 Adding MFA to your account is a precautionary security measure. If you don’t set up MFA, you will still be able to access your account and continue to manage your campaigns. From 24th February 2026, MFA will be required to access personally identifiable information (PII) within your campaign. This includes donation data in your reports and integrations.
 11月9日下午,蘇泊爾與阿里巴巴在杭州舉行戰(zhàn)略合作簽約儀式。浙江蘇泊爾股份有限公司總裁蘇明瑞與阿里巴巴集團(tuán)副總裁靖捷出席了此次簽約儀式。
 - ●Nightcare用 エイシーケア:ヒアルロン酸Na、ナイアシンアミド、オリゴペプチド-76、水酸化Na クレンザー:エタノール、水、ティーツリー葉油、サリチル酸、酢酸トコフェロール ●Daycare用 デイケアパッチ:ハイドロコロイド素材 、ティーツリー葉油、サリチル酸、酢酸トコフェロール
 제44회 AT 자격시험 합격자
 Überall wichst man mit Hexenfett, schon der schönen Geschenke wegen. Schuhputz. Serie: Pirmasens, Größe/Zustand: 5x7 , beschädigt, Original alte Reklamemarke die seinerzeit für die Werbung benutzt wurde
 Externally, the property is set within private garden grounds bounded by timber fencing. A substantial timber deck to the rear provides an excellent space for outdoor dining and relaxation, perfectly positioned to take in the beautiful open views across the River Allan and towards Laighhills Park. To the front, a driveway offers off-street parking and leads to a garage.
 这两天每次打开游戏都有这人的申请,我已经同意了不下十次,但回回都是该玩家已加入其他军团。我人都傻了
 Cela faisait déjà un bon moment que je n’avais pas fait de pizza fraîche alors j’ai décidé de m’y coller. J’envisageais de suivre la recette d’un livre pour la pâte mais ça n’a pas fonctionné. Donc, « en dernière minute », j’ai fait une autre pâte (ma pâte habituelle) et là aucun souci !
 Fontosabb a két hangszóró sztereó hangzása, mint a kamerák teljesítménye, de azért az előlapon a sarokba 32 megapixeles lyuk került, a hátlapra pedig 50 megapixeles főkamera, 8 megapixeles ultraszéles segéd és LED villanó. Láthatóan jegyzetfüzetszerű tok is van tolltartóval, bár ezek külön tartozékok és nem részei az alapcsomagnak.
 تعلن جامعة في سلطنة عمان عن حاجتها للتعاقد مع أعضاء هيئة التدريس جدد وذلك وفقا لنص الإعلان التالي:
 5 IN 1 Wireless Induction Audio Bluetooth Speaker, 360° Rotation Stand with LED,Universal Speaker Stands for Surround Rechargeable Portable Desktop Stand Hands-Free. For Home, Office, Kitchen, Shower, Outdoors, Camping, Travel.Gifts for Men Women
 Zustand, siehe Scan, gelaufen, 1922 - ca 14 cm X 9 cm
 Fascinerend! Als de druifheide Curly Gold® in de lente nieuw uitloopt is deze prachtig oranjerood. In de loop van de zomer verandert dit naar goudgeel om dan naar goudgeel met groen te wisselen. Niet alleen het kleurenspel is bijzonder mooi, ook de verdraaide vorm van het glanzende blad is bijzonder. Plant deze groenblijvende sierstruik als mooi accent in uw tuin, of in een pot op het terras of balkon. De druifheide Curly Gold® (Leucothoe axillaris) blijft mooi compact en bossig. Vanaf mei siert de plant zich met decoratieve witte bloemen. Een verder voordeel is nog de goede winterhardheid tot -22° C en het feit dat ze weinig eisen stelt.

--- Problem ---
Give the exact lines, and only those, from the line containing "Überall wichst man" through the line containing "Cela faisait déjà" in the entries above.

--- Solution ---
 Überall wichst man mit Hexenfett, schon der schönen Geschenke wegen. Schuhputz. Serie: Pirmasens, Größe/Zustand: 5x7 , beschädigt, Original alte Reklamemarke die seinerzeit für die Werbung benutzt wurde
 Externally, the property is set within private garden grounds bounded by timber fencing. A substantial timber deck to the rear provides an excellent space for outdoor dining and relaxation, perfectly positioned to take in the beautiful open views across the River Allan and towards Laighhills Park. To the front, a driveway offers off-street parking and leads to a garage.
 这两天每次打开游戏都有这人的申请,我已经同意了不下十次,但回回都是该玩家已加入其他军团。我人都傻了
 Cela faisait déjà un bon moment que je n’avais pas fait de pizza fraîche alors j’ai décidé de m’y coller. J’envisageais de suivre la recette d’un livre pour la pâte mais ça n’a pas fonctionné. Donc, « en dernière minute », j’ai fait une autre pâte (ma pâte habituelle) et là aucun souci !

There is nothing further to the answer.